If TTP or HUS is diagnosed, the treatment may include plasma exchange, plasmapheresis, or eculizumab. In cases with severe kidney failure, dialysis may be necessary.

In general, platelet transfusion is not necessary, unless an individual with low platelets (less than 50,000) has an active bleeding or hemorrhage, or needs a surgery or other invasive procedures. Frequently, a platelet transfusion may be recommended without any bleeding if the count is less than 10,000.

In suspected cases of HIT or TTP, transfusion of platelets may not be recommended because the new platelets could potentially make the condition worse and more prolonged.

What are the complications of thrombocytopenia?

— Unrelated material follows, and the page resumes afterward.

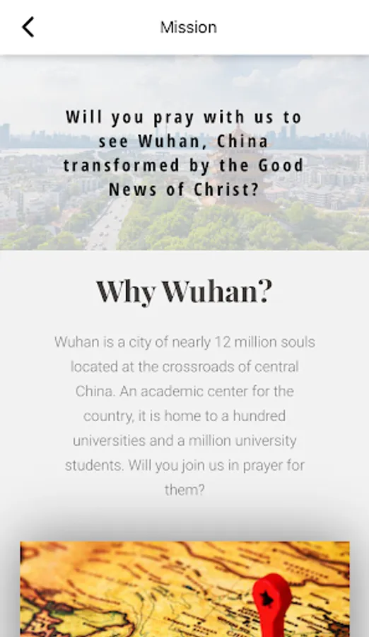 Wuhan is a city of nearly 12 million souls located at the crossroads of central China. An academic center for the country, it is home to a million university students. Will you join us in prayer for them?

The complications of thrombocytopenia may be excessive bleeding after a cut or an injury resulting in hemorrhage and major blood loss. However, spontaneous bleeding (without any injury or laceration) due to thrombocytopenia is uncommon, unless the platelet count is less than 10,000.

Other complications may be related to any other underlying factors or conditions. For example, autoimmune thrombocytopenia related to lupus may be associated with other complications of lupus. TTP or HUS can have many complications including severe anemia, confusion or other neurologic changes, or kidney failure. HIT or heparin induced thrombocytopenia can have devastating complications related to blood clot formation (thrombosis).